(Stored data entries)
/---

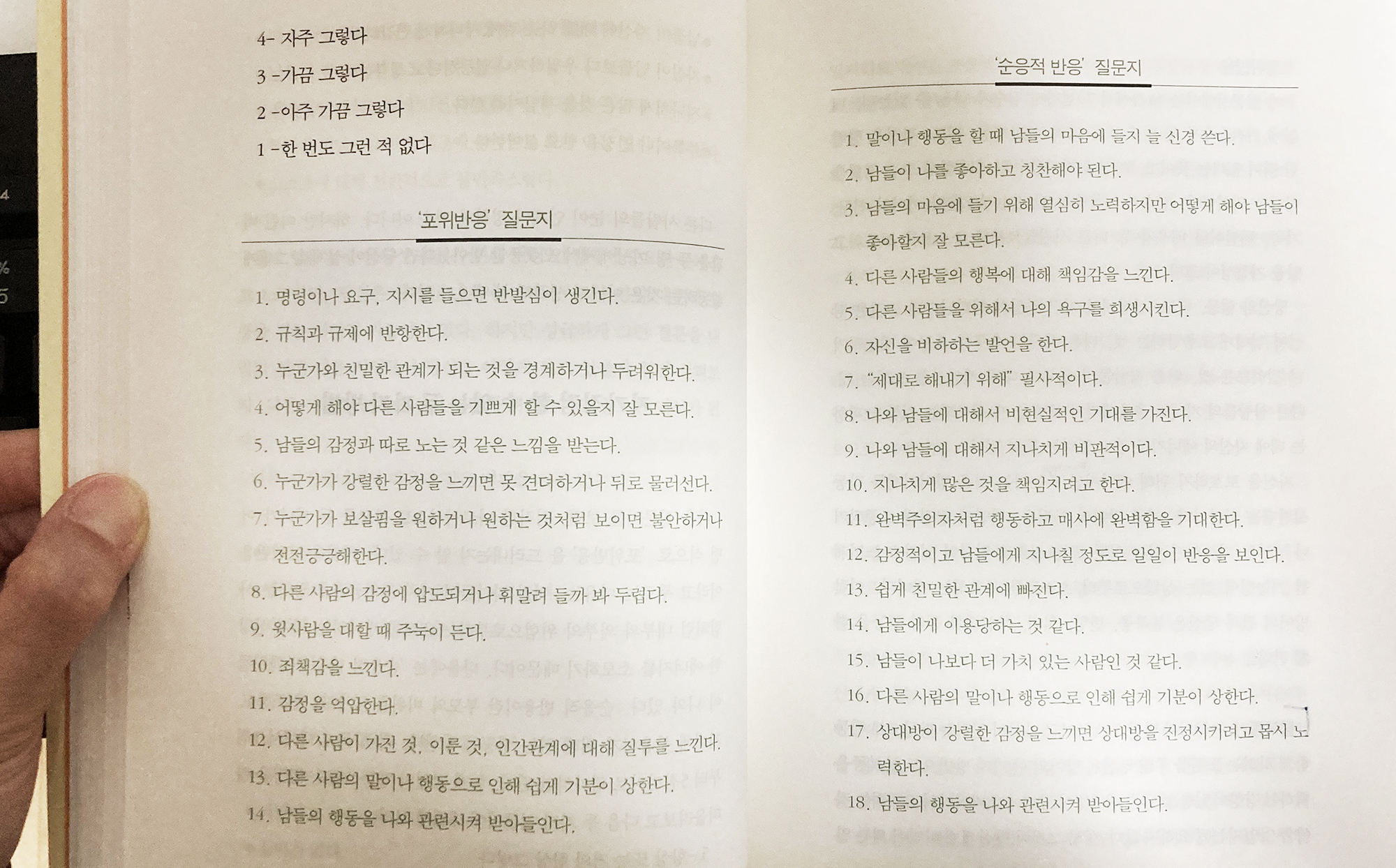 * 아래의 문항지를 보고 내게 해당되는지 자가 테스르 해보실 수 있습니다.많은 항목에 해당될 수록 나 자신이 그러한 반응을 하고 경험을 한다는 의미입니다.
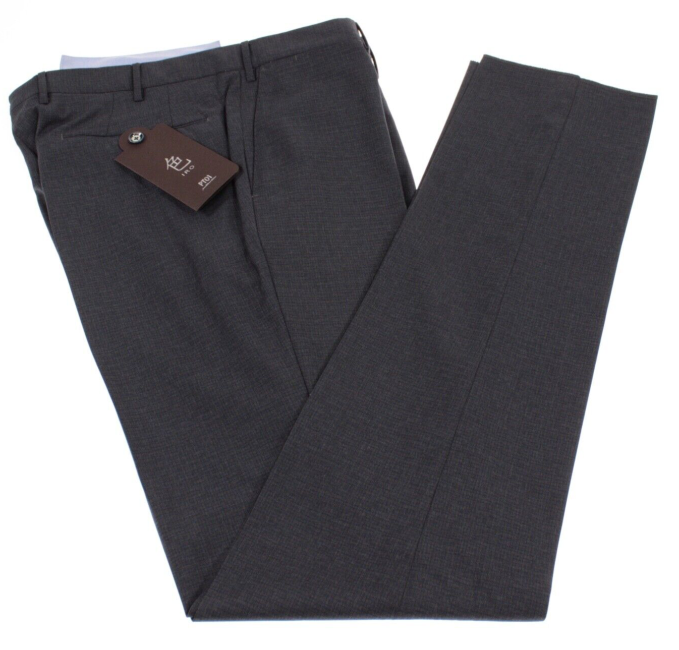 PT01 NWT Flat Front Dress Pants Size 52 36 US Gray & Blue Small Pattern Wool
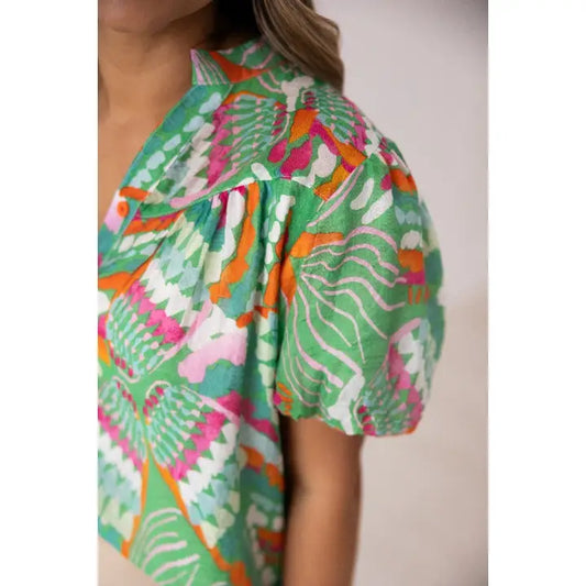 Tropical Print Puff Sleeve Top
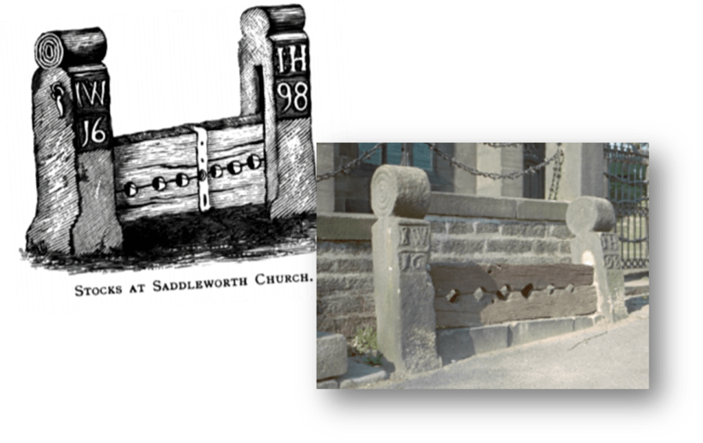 In 1698 the Stocks (separately listed grade 2), inscribed with the date, were set up in front of the old church, probably replacing an older set. Originally instituted by Edward 3rd in 1350 for the punishment of serious offences. Later, they were used for Sabbath breakers and drunkards. The timber foot restraints have been replaced and each post has a cylindrical-shaped head with concentric circles carved on the outer faces. A drawing shows them to be in good condition in 1891
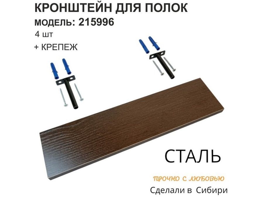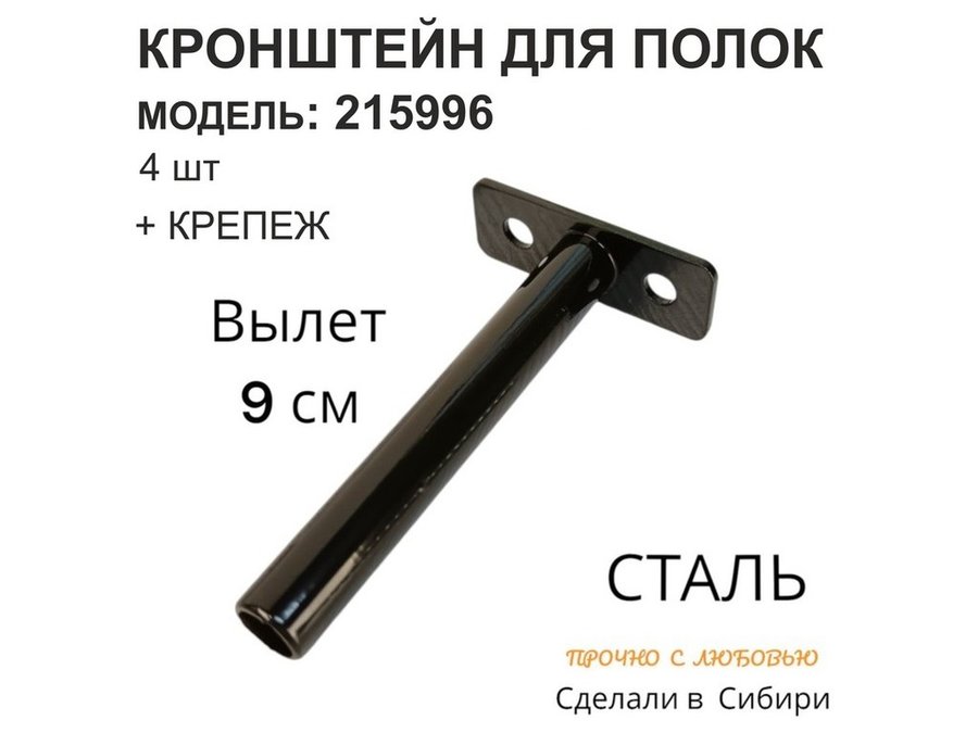Кронштейн для скрытого крепления полок, 12х90мм, черный, в наборе 4шт "SVORKAMAX-215996" без полки
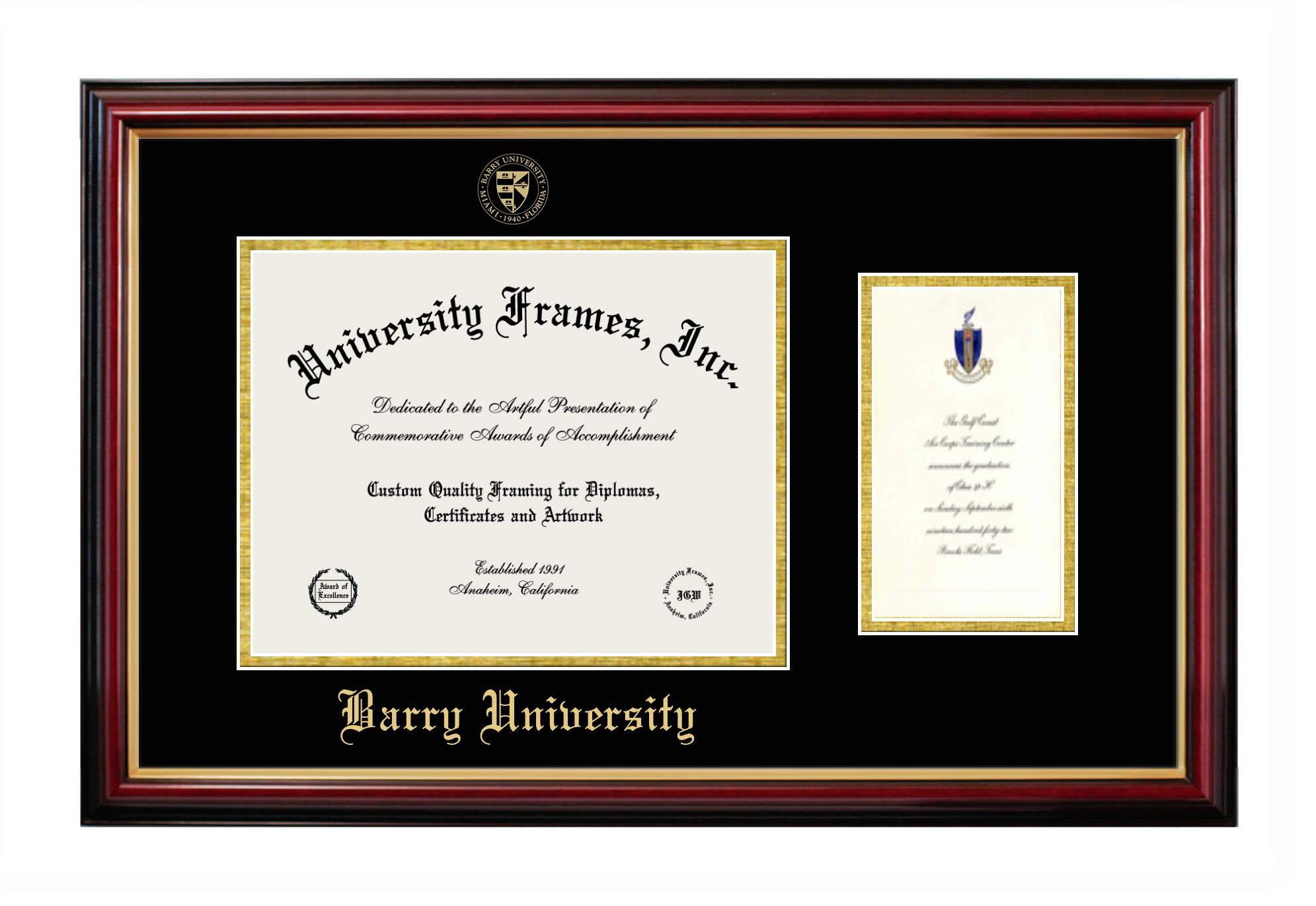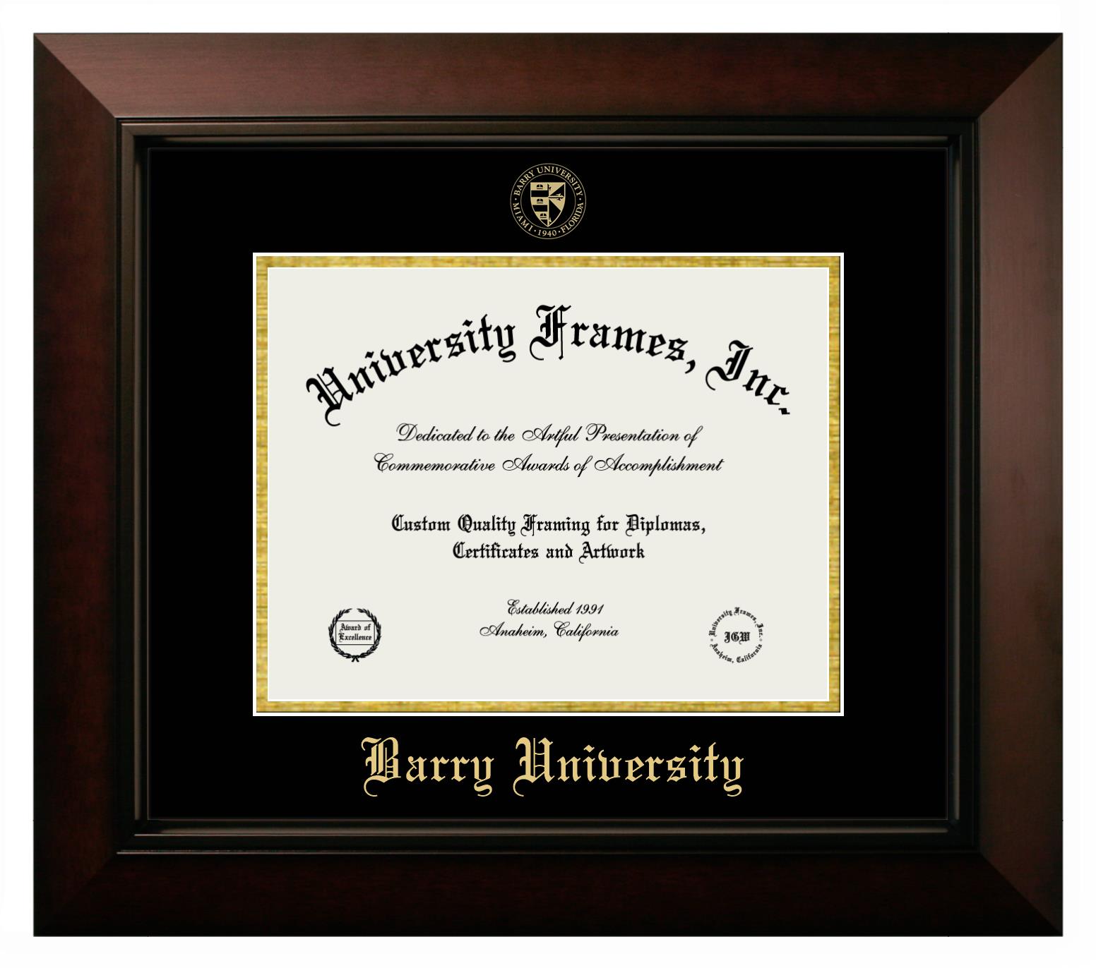 Are you a Barry University graduate looking for an officially licensed diploma frame to showcase your achievement? Or, are you looking for a unique graduation gift for a recent Barry University graduate or alum? You have come to the right place! Our officially licensed custom diploma frames have the original seal of Barry University. Each of our degree frames is handcrafted to offer the highest quality and precision. You can easily customize your graduation frames according to your style and preference. Start customizing your college diploma frame now!
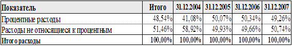 Проведем сходный графический анализ который был использован при анализе доходов. Этот анализ поможет оценить находятся ли соотношение компонентов процентных расходов к общей сумме расходов в той же пропорции к соответствующим компонентам пассива. Анализ так же показывает зависимость банка от специфических источников средств и происходящие в них структурные изменения.
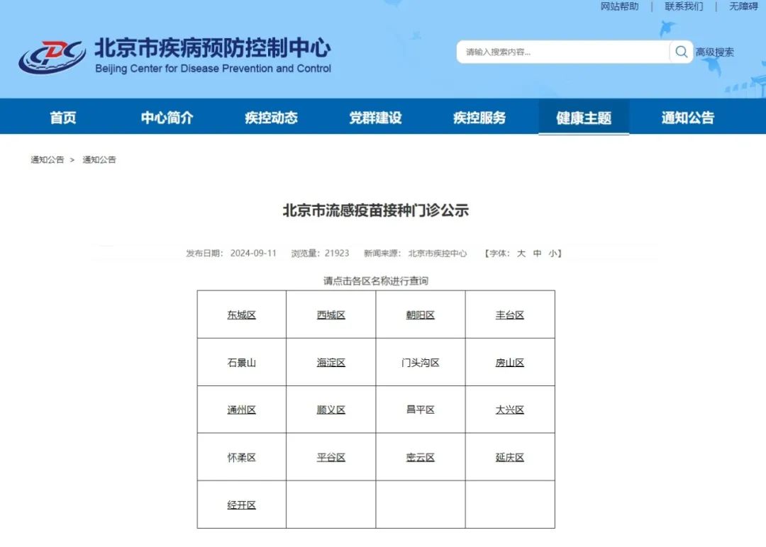 点击文章末尾“阅读原文”,跳转至上图网页(北京市流感疫苗接种门诊公示),查看各区流感疫苗接种门诊详细信息。
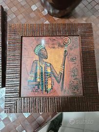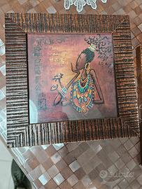 vendo singolarmente o unico blocco n.1 vaso in legno intarsato + n.2 quadretti cm 20 stile etnico
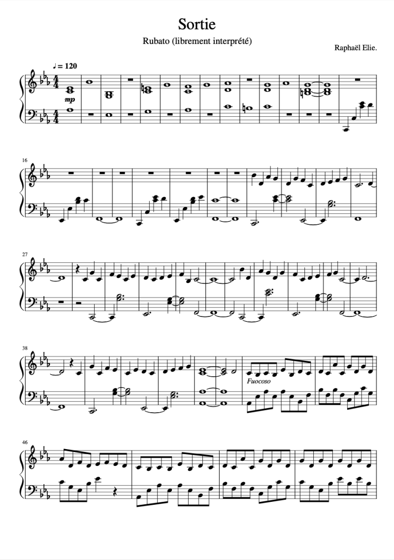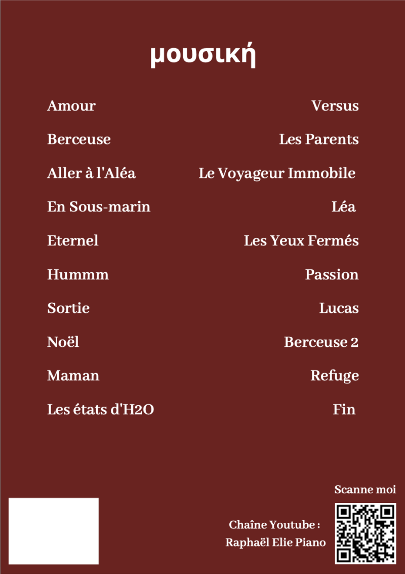 Le récital μουσική, traduit de musique en grec, est un récital de piano composé de 20 pièces réalisées entre 2019 et 2021. Ces 20 pièces durent en moyenne entre 2 et 5 minutes. Elles sont composées de nombreuses gammes différentes et abordent des techniques pianistiques comme la polyphonie, le contrepoint, le travail harmonique et mélodique. Ces techniques servent à l'apprentissage de mes élèves comme avec la "Berceuse" qui est le premier morceau abordé par les enfants de mes cours. Cette réalisation est passée par plusieurs étapes. J'ai commencé à composer de petits morceaux instrumentaux sans développer leur potentiel. Ces premiers morceaux inachevés ont pour la plupart été terminés près de deux ans après leurs ébauches. Ils sont le fruit de longues hésitations et de longues recherches. Car si j'ai appris quelques choses en composant cette première réalisation pianistique, c'est bien que lors de la composition, tous les choix sont possibles, des milliers de chemins s'offrent à nous et nous sommes pourtant contraints de faire un choix car lorsque l'ont créé, que l'on fait, on détruit ce qui aurait pu être. Je suis donc passé d'une composition par laquelle je recherchais encore et encore la meilleure version de mon morceau, à force de variations toujours plus nombreuses, à une composition bien plus instinctive et naturelle. Ma manière la plus récente de composer est de me laisser porter par la musique. Lorsque j'ai une mélodie dans la tête je la joue, si je n'en ai pas de suite, je ne me force pas, et le morceau vient naturellement, par passages et de façon logique. Et le résultat donne finalement un résultat plus naturel qui exprime un sentiment plus brut et direct. Une émotion exprimée à travers le piano.
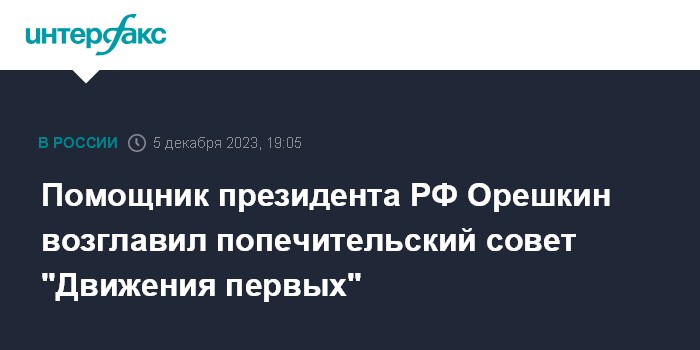Помощник президента РФ Орешкин возглавил попечительский совет "Движения первых"
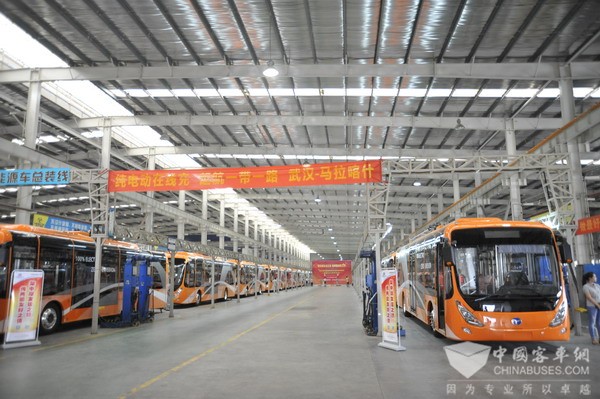 2016年6月,在“中国中部国际产能合作论坛暨企业对接洽谈会”上摩洛哥马拉喀什市购买35辆扬子江新能源公交车以及后期运营、管理等配套服务。8月23日,首批15台12米威龙G92纯电动在线充城市客车正式交付,即将通过海运出口摩洛哥。
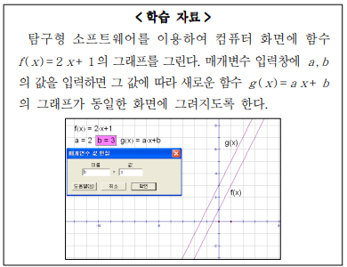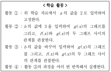 5. 최 교사는 “기울기가 같은 두 일차함수의 그래프는 서로 평행하거나 일치한다”는 학습 내용을 지도하려고 한다. 다음은 최 교사가 수업에 사용하기 위해 만든 학습 자료와 그 학습 자료를 활용한 학습 활동에 대한 계획이다.
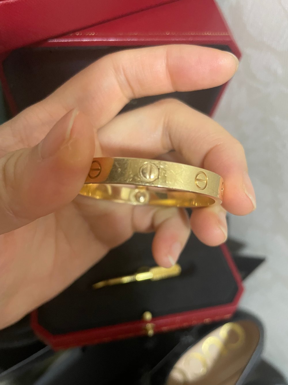 러브팔찌 미듐 일본서 사면서 관세때려맞고 화김에 러브 클래식 여기서 질렀는데 너~~무 만족스러워요 2차검수에 중간1차검수때는 사진까지 보내주시고 배송도 월요일결제 토요일에 받았어요 택배로 받으면 불안?한가?했는데 중간에 누가 못뜯어요 테이프조차 두꺼워요~제가 일본 매장에서 제가 샀을때보다 더 꼼꼼한구성품-다들 구성품관리잘하시구요-판매자님께믿음가고 그런 판매자님이 판매한사이트라서 믿움가구요 미듐은 안하게되고 클래식만 하고있네요 6개월 무이자 할부도 넘나 좋아요 일시불이면 부담스럽죠~내스스로선물인데 할부끝나면 사야지하면서 계속 들락거립니다
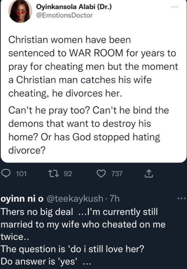 “Christian women have been sentenced to WAR ROOM for years to pray for cheating men but the moment a Christian man catches his wife cheating. he divorces her. Can’t he pray too? Can’t he bind the demons that want to destroy his home? Or has God stopped hating divorce?”

\---

**Problem to work on:**
Begin at the line with "러브팔찌 미듐 일본서" and retype exactly every line through the last one of the entries above, both included, and nothing more; pictures stay out.

**Finished task:**
 러브팔찌 미듐 일본서 사면서 관세때려맞고 화김에 러브 클래식 여기서 질렀는데 너~~무 만족스러워요 2차검수에 중간1차검수때는 사진까지 보내주시고 배송도 월요일결제 토요일에 받았어요 택배로 받으면 불안?한가?했는데 중간에 누가 못뜯어요 테이프조차 두꺼워요~제가 일본 매장에서 제가 샀을때보다 더 꼼꼼한구성품-다들 구성품관리잘하시구요-판매자님께믿음가고 그런 판매자님이 판매한사이트라서 믿움가구요 미듐은 안하게되고 클래식만 하고있네요 6개월 무이자 할부도 넘나 좋아요 일시불이면 부담스럽죠~내스스로선물인데 할부끝나면 사야지하면서 계속 들락거립니다
 “Christian women have been sentenced to WAR ROOM for years to pray for cheating men but the moment a Christian man catches his wife cheating. he divorces her. Can’t he pray too? Can’t he bind the demons that want to destroy his home? Or has God stopped hating divorce?”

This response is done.